◆ Task to complete ◆
Set the listing down exactly; no pictures.

◆ Recorded information ◆
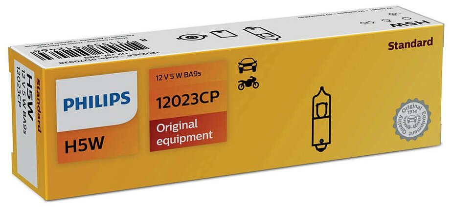 PHILIPS 12023CP лампа галогенная 10ШТ В упаковке H5W 12V 5W BA9S
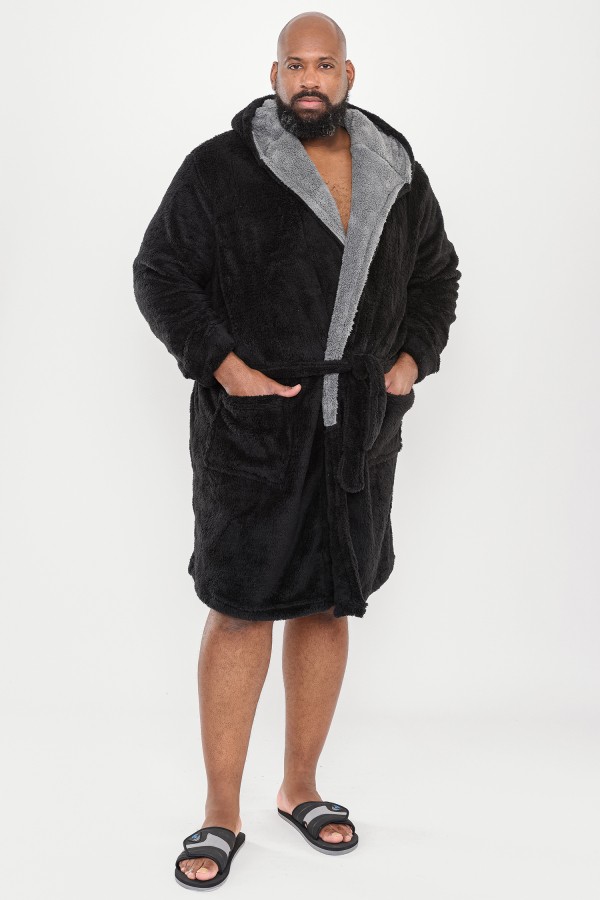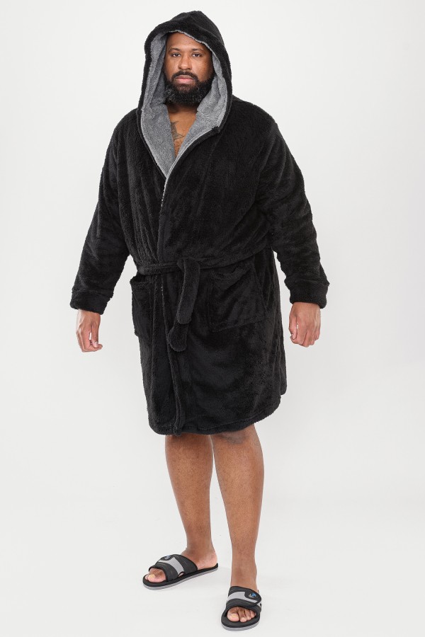 Badjas van het merk D555 (modelnaam NewQuay). De grote maten kamerjas is gemaakt van superzacht en warm materiaal in een fleece kwaliteit. De uiterst comfortabele xxl badjas heeft een ceintuur en een capuchon gemaakt van hetzelfde heerlijk zachte materiaal. De plus size kamerjas is voorzien van zakken en kan gewassen worden in de wasmachine.
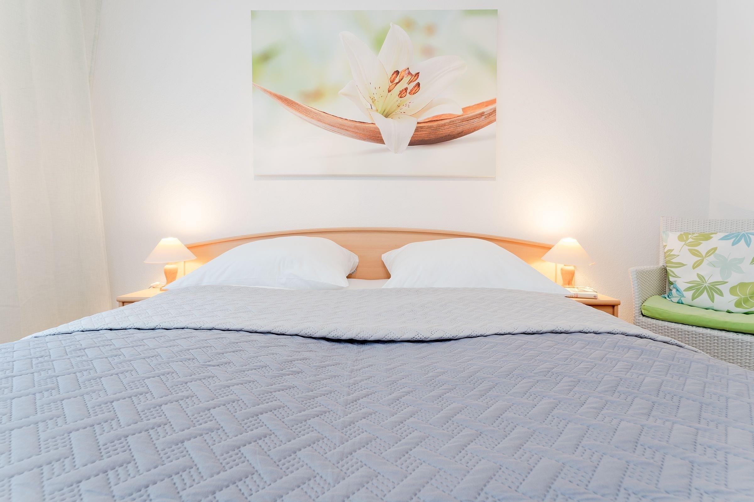Schlafzimmer 1: 1 Doppelbett (2x 90x200 cm), Kleiderschrank, Verdunkelung: Außenjalousien, Platz für Babybett vorhanden

◆ Expected output ◆
 PHILIPS 12023CP лампа галогенная 10ШТ В упаковке H5W 12V 5W BA9S
 Badjas van het merk D555 (modelnaam NewQuay). De grote maten kamerjas is gemaakt van superzacht en warm materiaal in een fleece kwaliteit. De uiterst comfortabele xxl badjas heeft een ceintuur en een capuchon gemaakt van hetzelfde heerlijk zachte materiaal. De plus size kamerjas is voorzien van zakken en kan gewassen worden in de wasmachine.
Schlafzimmer 1: 1 Doppelbett (2x 90x200 cm), Kleiderschrank, Verdunkelung: Außenjalousien, Platz für Babybett vorhanden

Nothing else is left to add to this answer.